3.     Overtime Includes Travel Time

a.     Travel time that is considered “hours worked” under the FLSA is counted in computing a worker’s eligibility for overtime in any week because it is considered hours worked. Travel time for a home care worker employed in New York State must be compensated at a minimum rate of $8.75 per hour, the New York minimum wage rate. (The New York State Wage Parity Act minimum wage rate of $10.00 per hour does not apply because that rate only applies to Medicaid-funded “episode of care” hours worked.)

b.     Ordinarily, wages and overtime earned in a particular workweek must be paid to the worker on the regular pay day for the pay period in which the wages and overtime pay were earned. 29 C.F.R. § 778.106; U.S. DOL Wage and Hour Division, Fact Sheet #23: Overtime Pay Requirements of the FLSA, available at: http://www.dol.gov/whd/regs/compliance/whdfs23.pdf.

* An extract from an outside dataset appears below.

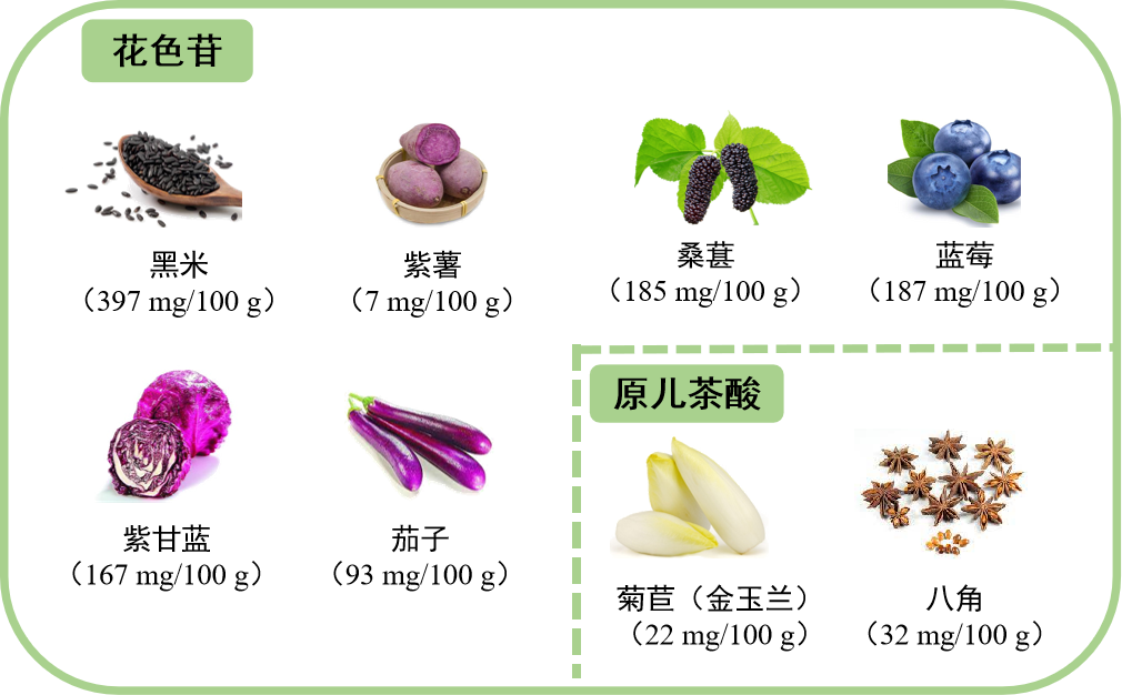 富含花色苷的食物主要是紫色、红色、黑色的植物性食物,包括谷薯类的黑米、红米、紫番薯、紫玉米等,蔬菜类的紫茄子、紫甘蓝、红菜苔、心里美萝卜等,水果类的桑葚、蓝莓、越橘、菠萝、葡萄、黑莓、草莓、苹果等。富含原儿茶酸的食物主要有八角、花椒等香料、谷物的全麦、菊苣(金玉兰)、生菜、李子、蓝莓等蔬果、红酒、咖啡、茶水等饮品。

c.     A worker’s late submission of her actual travel time can throw off an agency’s pay calculations and can affect the worker’s overtime calculations for a week already paid. To avoid this problem, agencies may set deadlines by which their workers must submit their travel time, including, any corrections to previously submitted travel time, and can impose discipline for their employee’s failure to do so. If the correct amount of overtime pay cannot be determined until after the regular pay period, agencies should pay their workers their correct overtime compensation as soon as possible. Agencies should not delay payment for a period longer than is reasonably necessary for the agency to calculate and arrange for payment of the amount due and should strive to pay their workers by the next payday after the calculation is possible.

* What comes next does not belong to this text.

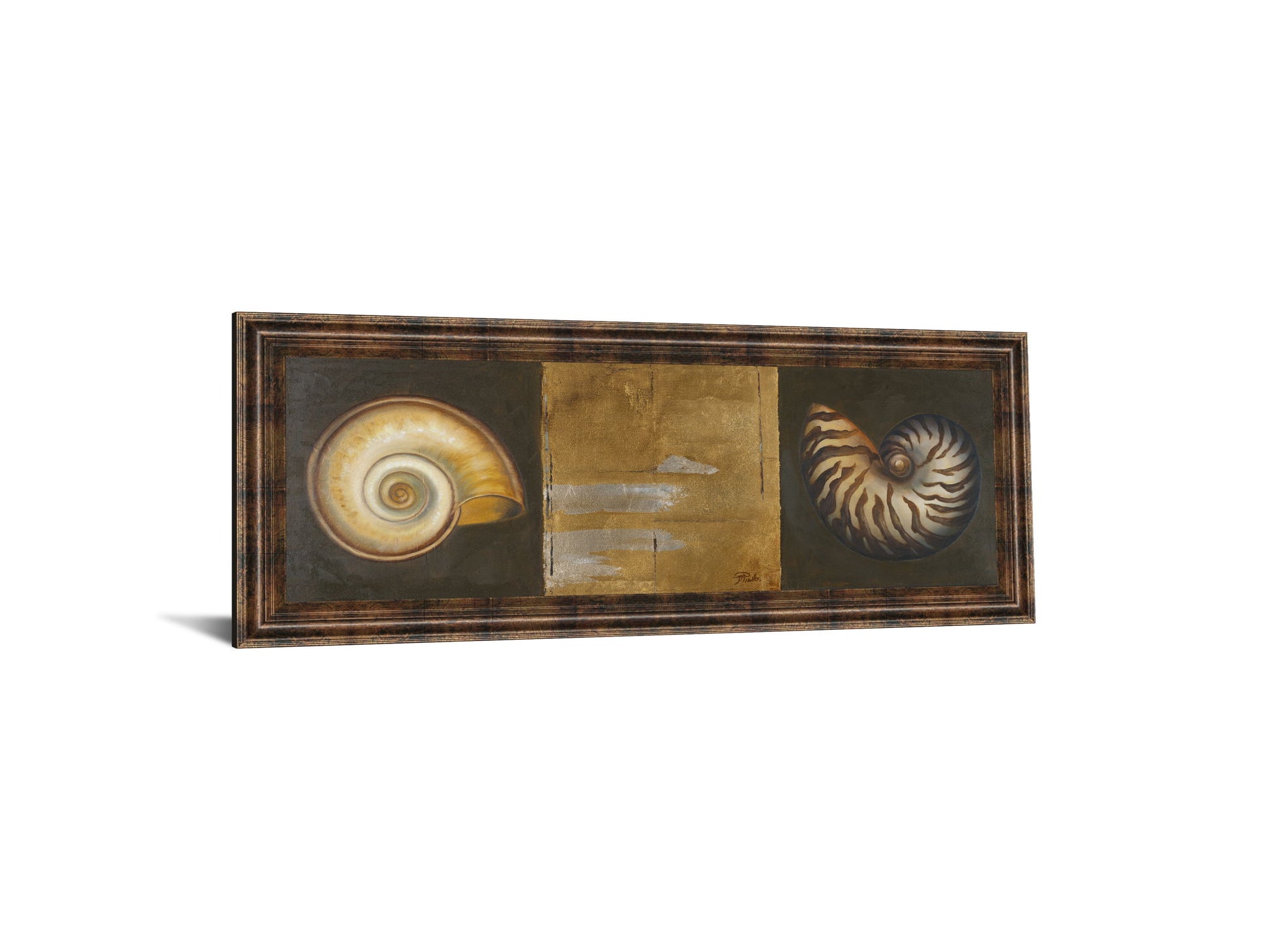 Immerse yourself in the tranquil charm of the sea with this exquisite framed wall art featuring two beautifully detailed seashells. Set against a rich, textured backdrop of gold and muted earth tones, the artwork captures the timeless elegance of coastal nature. The dark chocolate frame enhances the depth and sophistication of the piece, making it a refined focal point for any living room or office. Crafted with mixed media and real glass, this horizontal artwork blends natural beauty with artistic craftsmanship, inviting a serene and sophisticated ambiance into your space.

4.     Accounting for Travel Time

a.     Agencies must pay their workers for their actual travel time, which requires that travel time be accounted for accurately. Agencies cannot use rough estimates or arbitrary formulas to compute hours worked. 29 C.F.R. § 785.47. Because workers have first-hand knowledge of their actual travel time, agencies can pass on to their workers the responsibility of reporting, in writing, the amount of travel time to their employers.

b.     Where a worker’s actual travel time exceeds estimated travel time, hours for payment of wages and overtime pay must be re-computed for any such weeks because the employer must pay the worker for hours worked, which is based on how many actual hours, not estimated hours, are worked by the worker. See 29 C.F.R. § 785.48 (employees should be compensated “properly for all the time they have actually worked”.) The actual, not estimated, amount of travel time must be paid, taking into account if the worker’s travel is delayed due to traffic, weather, or other uncontrollable disruptions. See 29 C.F.R. § 785.48.

c.     Notwithstanding the above, travel time that is de minimis (insignificant) need not be paid. 29 C.F.R. § 785.47. In recording working time under the FLSA, infrequent and insignificant periods of time beyond the scheduled working hours, which cannot as a practical matter be precisely recorded for payroll purposes, may be disregarded. 29 C.F.R. § 785.47. But, an employer may not arbitrarily fail to count any part, however small, of working time that can be practically ascertained. 29 C.F.R. § 785.47.

Action Steps to Protect Your Agency

1.     To protect against liability for unpaid wages and overtime pay, home care agencies should establish clear policies on travel time, and maintain accurate records of employee travel time..

2.     Travel time policies should define what is compensable travel time, establish best practice timekeeping systems to accurately record travel time, require workers to submit records of their travel time on a regular basis, such as no later than the end of the relevant pay period, and also implement disciplinary guidelines for the failure to timely submit travel time.

3.     Home care agencies should utilize electronic timekeeping systems, such as smartphone applications, by which their workers can record their travel time.

4.     Home care agencies should also consider ways to limit travel time costs such as assigning home care workers to work in limited geographic areas to reduce their travel time between assignments.

[1] This example was adapted from the U.S. Department of Labor Domestic Service Final Rule Frequently Asked Questions, available at: www.dol.gov/whd/homecare/faq.htm#travel.